Budaya bangsa seutuhnya, atau budaya Indonesia yang belum tercemar oleh budaya asing
harus dipertahankan bukan di filter, tetapi budaya bangsa yang sudah tercemar oleh budaya asing
yang perlu di filter dan bahkan tidak boleh masuk. Mengatasi pergolakan budaya sangat sulit di
era globalisasi sekarang ini, karena masyrakat yang senang akan budaya luar, masyarakat
Indonesia yang banyak tinggal di daerah luar juga sangat berpengaruh ketika kembali ke
Indonesia. Hanya saja secara legalitas budaya Indonesia asli dapat di lakukan melalui
keabsahan budaya. Pertunjukkan budaya, festival, lomba atau hal-hal lain yang melibatkan
budaya Indonesia harusnya tidak di izinkan jika tampil budaya yang sudah tercemar.

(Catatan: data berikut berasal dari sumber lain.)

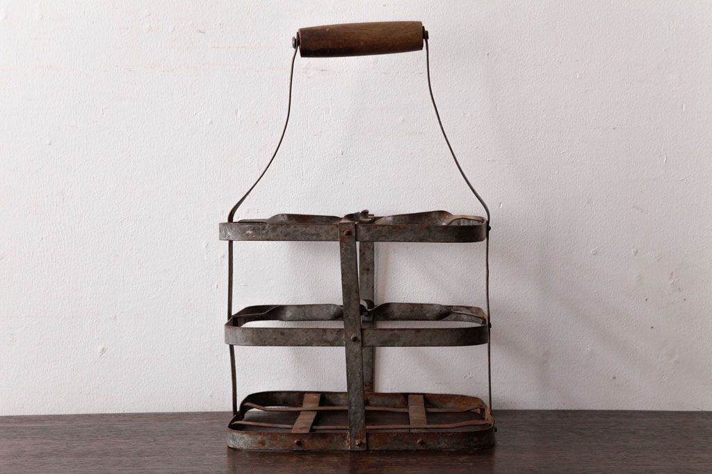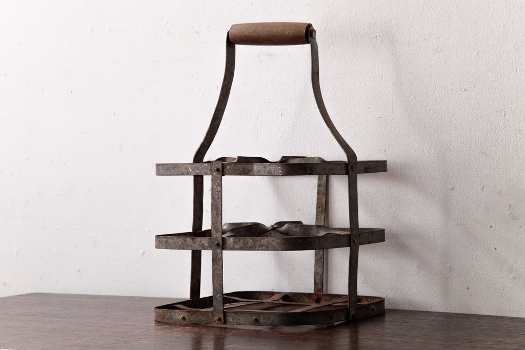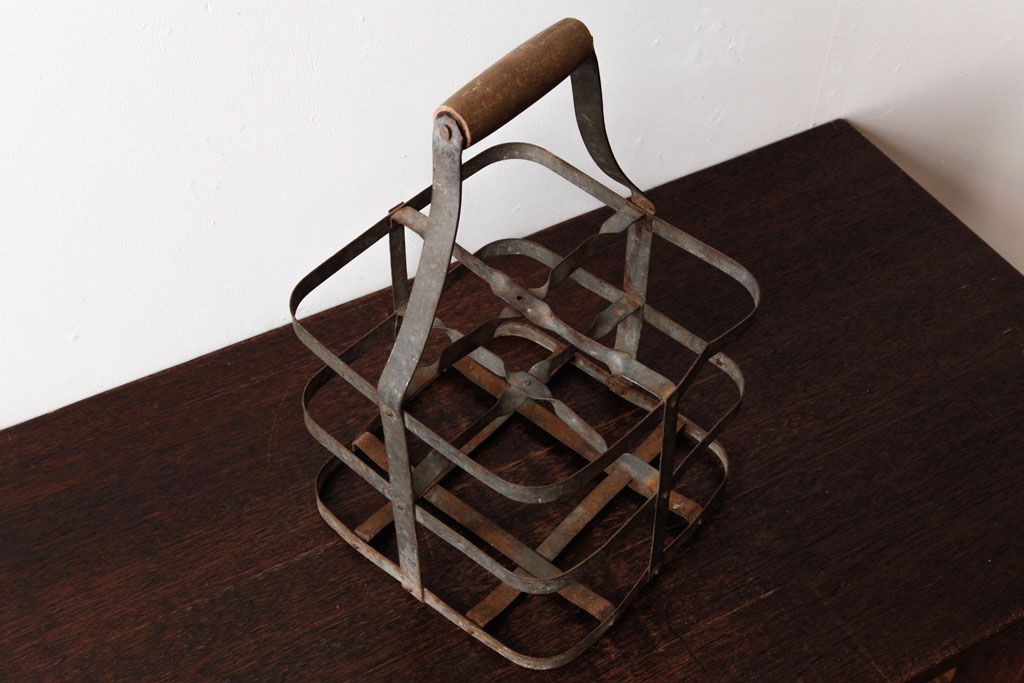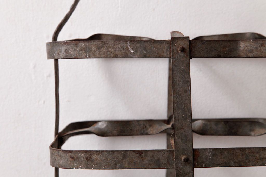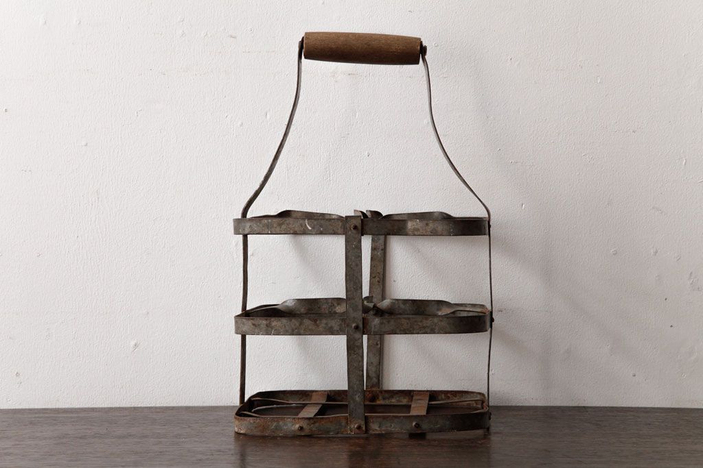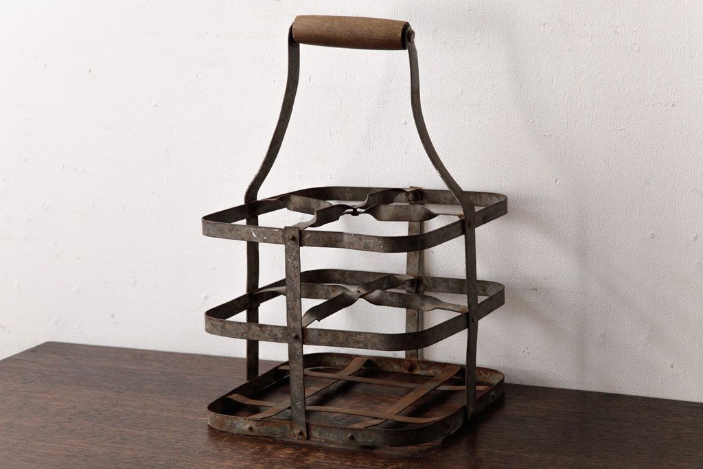 ラフジュ工房> 小物収納・トランク> バスケット > アンティーク雑貨 イギリスビンテージ 4連 ブロカントスタイルにぴったりなアイアン製ボトルラック(ボトルケース)

Kepedulian masyarakat akan ciri khas bangsa merupakan factor utama dan alat utama dalam
menyaring budaya bangsa dengan menerapkan pancasila dalam kehidupan.

BAB III
PENUTUP
Kesimpulan

Pancasila sebagai filter budaya bangsa merupakan dasar yang sudah Negara yang sudah
termuat sejak di resmikannya pancasila sebagai dasar ideologi Negara Indonesia melalui UUD
1945 dan peraturan lainya baik aturan formal dan non formal. Pancasila sebagai filter budaya
bangsa maksudnya budaya asing yang mencemari budaya asli Indonesia. Budaya asli Indonesia
dapat di pertahankan dari pengaruh budaya asing melalui pemahaman masyarakat mengenai
pentingnya pancasila sebagai pedoman bangsa yangd dapat mempertahankan eksistensi budaya
bangsa serta kepedulian dan kesadaran masyrakat Indonesia mengenai karakteristik dan daya
tarik Negara Indonesia adalah keragaman budayannya. Budaya yang tercermin dalam kebiasaan
sehari-hari merupakan bagian dari aplikasi pancasila yang dapat di bina melalui pendidikan
formal dan non formal, namun sejatinya identitas bangsa baik budaya bahkan pancasila sendiri
dapat berdiri kokoh jika masyarakatnya menyadari pentingnya dalam menjamin eksistensi
Negara, sehingga yang paling berperan dalam hal ini yaitu para pejabat Negara atau pemegang
kekuasaan yang membuat atauran-aturan yang ada di Negara Kesatuan Republic Indonesia.
Salah satu cara untuk menghindari budaya asing yang negatif yang masuk sekaligus
mempertahankan budaya asli Indonesia adalah dengan cara menerapkan dan mengamalkan
sila-sila yang dimiliki Pancasila karena Pancasila merupakan ciri khas atau jati diri bangsa
Indonesia. Semua itu perlu dilakukan dengan memberikan pengertian tentang sila-sila
Pancasila dan berusaha menerapkannya dalam kehidupan sehari-hari sejak dini.